July 16,, 2002-- Virginia’s income tax is outdated and seriously flawed, adversely affecting those with little ability to pay and often imposing very different tax liabilities on Virginians with the same income, an economist warns in an analysis published by the University of Virginia's Weldon Cooper Center for Public Service.

Because the tax is the largest revenue source of Virginia's state-local tax system and is likely to become even more dominant, it needs major revisions to make it fairer, according to John H. Bowman, professor of economics at Virginia Commonwealth University. His in-depth analysis, aimed at helping Virginians make informed choices in current debates about taxes, is the first in a new U.Va. series of fiscal monographs, ≥Virginia Issues.≤

Among Bowman's recommended revisions:

  • increase tax-free levels (personal exemptions plus standard deduction) at least to correspond to poverty levels;
  • phase in an end to special preferences for age and blindness because they are flawed proxies for ability to pay, which is better measured by income;
  • index the personal exemptions, standard deductions and bracket widths to increase with inflation, or review them for fairness every few years;
  • end blanket exclusions for some sources of income, such as Social Security; and
  • change the overall rate structure, possibly to a single rate for all taxpayers. A single-rate tax offers several advantages, including improved fairness among all types of filers at a given income level, Bowman said. Moreover, he shows that a single-rate tax, combined with realistic tax-free amounts, results in a progressive distribution of the tax burden.

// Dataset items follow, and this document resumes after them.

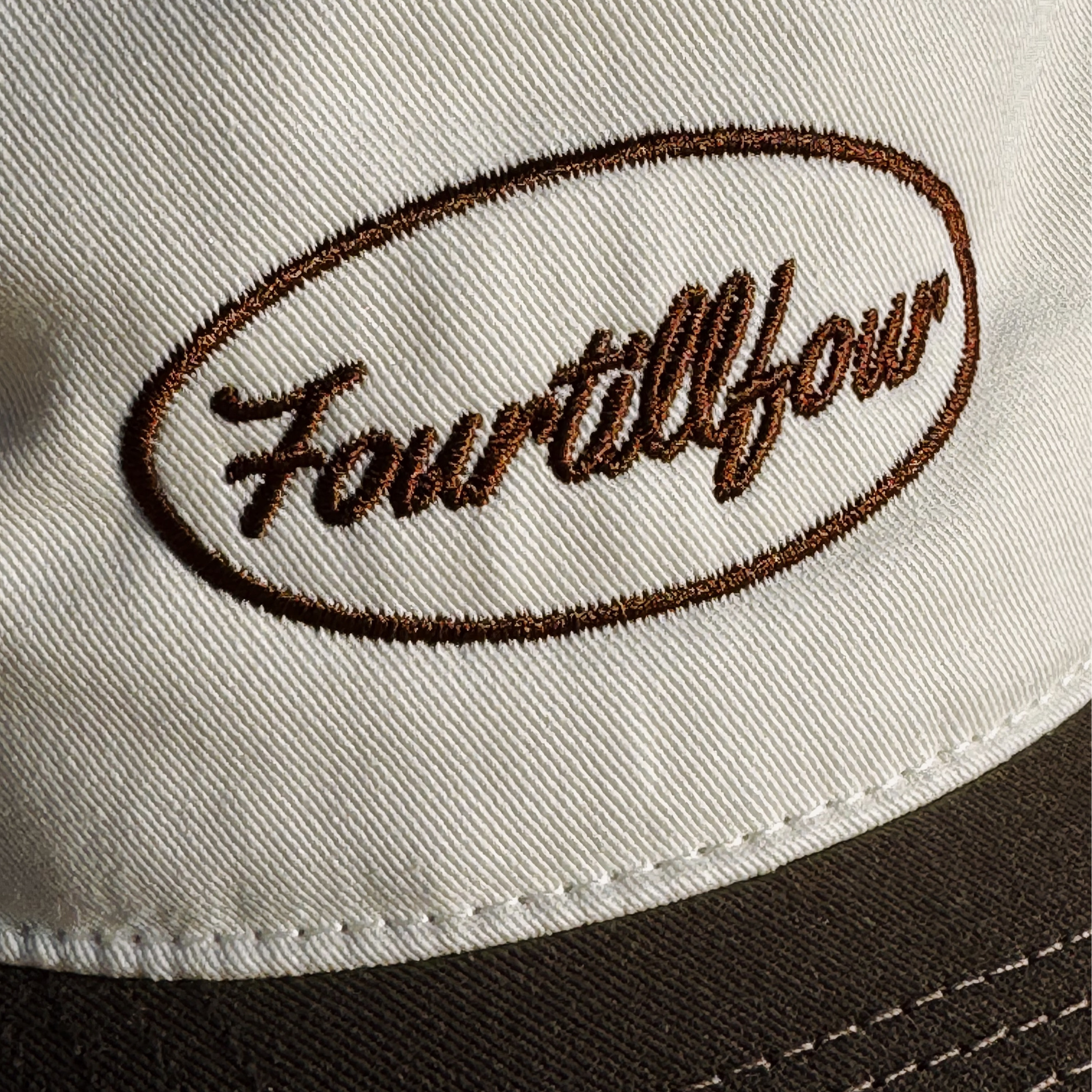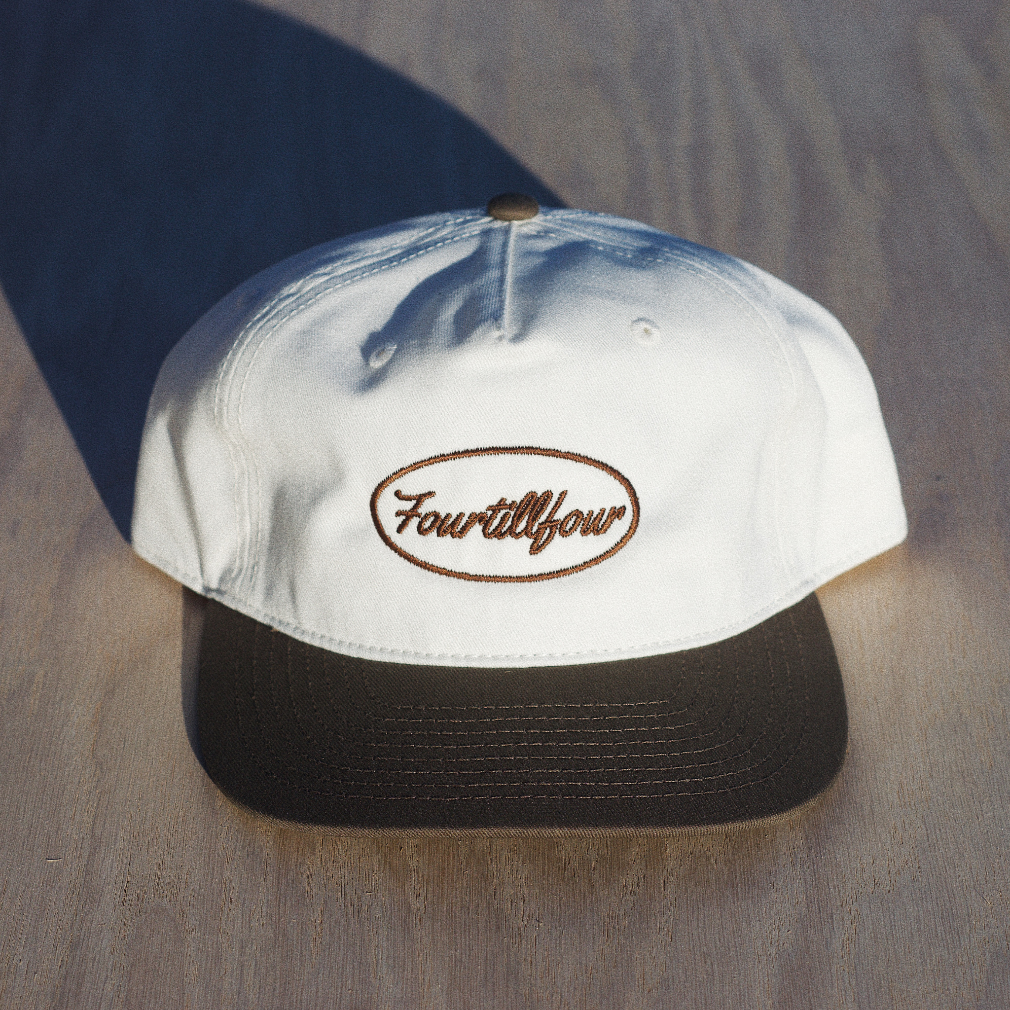 The FTF Script Hat available in white & walnut two-tone with walnut embroidery
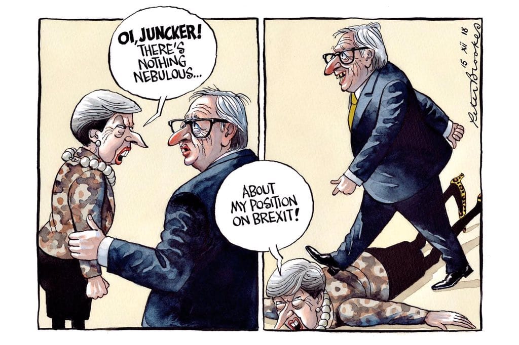 Peter Brookes in The Times reacts to European Commission President Jean-Claude Juncker describing British Prime Minister Theresa May as “nebulous” over her Brexit proposals. The Prime Minister later confronted Juncker over his comments.
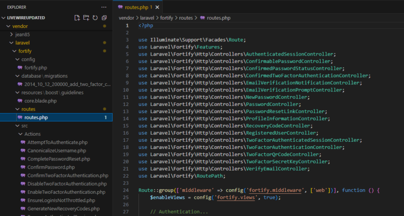 たとえばスターターキットでLivewireを選択した場合は、Livewireによって認証処理が作成されていました。変更後は、Fortifyが使われています。
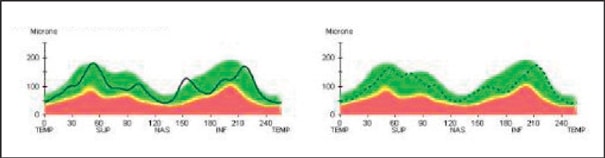 An auto-centration feature identifies the center of the cup and makes a 1.73-mm radius circle around it. The circle is shown as a red line superimposed on the deviation map. The software identifies the center of the disk automatically post-acquisition. Because the center will be in the same place in a repeat scan, no technician-related error (improperly outlining the optic nerve head) can occur. From this 3.4-mm diameter circle, the RNFL tomogram is extracted and forms the basis for the TSNIT analysis. This is compared to the normative database and is displayed graphically (Figure 3).
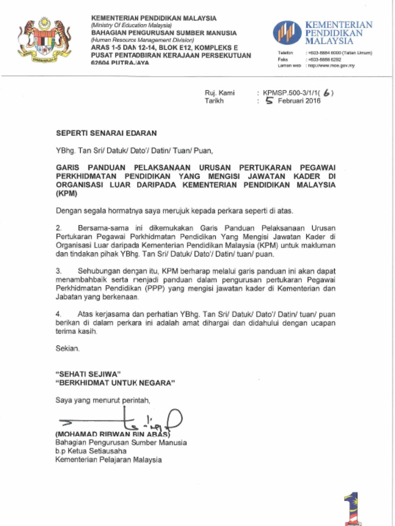 Shafarin bin Nasuredin Setiausaha Bahagian. 03 8891 7000 Fax. Dokumen ini telah diperbitkan oleh Bahagian Pengurusan Sumber Manusia Kementerian Pendidikan Malaysia.
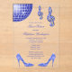 Personalized, elegant custom Sweet 16 birthday party celebration invitations for girls, with glitz and glamor. Beautiful blue Sweet Sixteen invites for teenage girls with a funky retro disco mirror ball, glamorous printed image rhinestones, glitter, sequins, bling jewels sparkle high heels stilettos shoes, and glittery musical notes / music notes.  Chic, classy, cute, girly, modern invitations in trendy, fashionable colors.  These are groovy, stylish, sophisticated, pretty, girlie invites.  Perfect invitations for a dinner dance dancing events.  PLEASE NOTE: All invitations on Zazzle have flat printed images. If you need any assistance customizing your product please contact me through my store and I will be happy to help.

Today's income tax is the result of piecemeal changes, and the basic rate structure has been unchanged for nearly 75 years, Bowman said. The personal exemption of $800 and standard deduction of $3,000 for single taxpayers and $5,000 for married couples haven't been adjusted in over a decade and are too low today to provide fair relief, he said.

A recently added credit for low-income individuals provides relief for most Virginians below the poverty level, Bowman said. But "it does nothing for those with income above the poverty level," and the abrupt cut-off actually imposes very high effective rates for those just above the poverty level, he said.

Two other major weaknesses he cited in the income tax are:

  • blanket exclusions for some sources of income, such as Social Security; and
  • the high ($6,000) special deduction for taxpayers who are 62 to 64 years old and the even higher one ($12,000) for those over 65, regardless of their income.

As a result of these breaks, taxpayers with the same income level may actually be taxed at widely different rates, Bowman said.

"Disregarding large chunks of income on the basis of income source or age of recipient ä is inappropriate and inequitable," he said.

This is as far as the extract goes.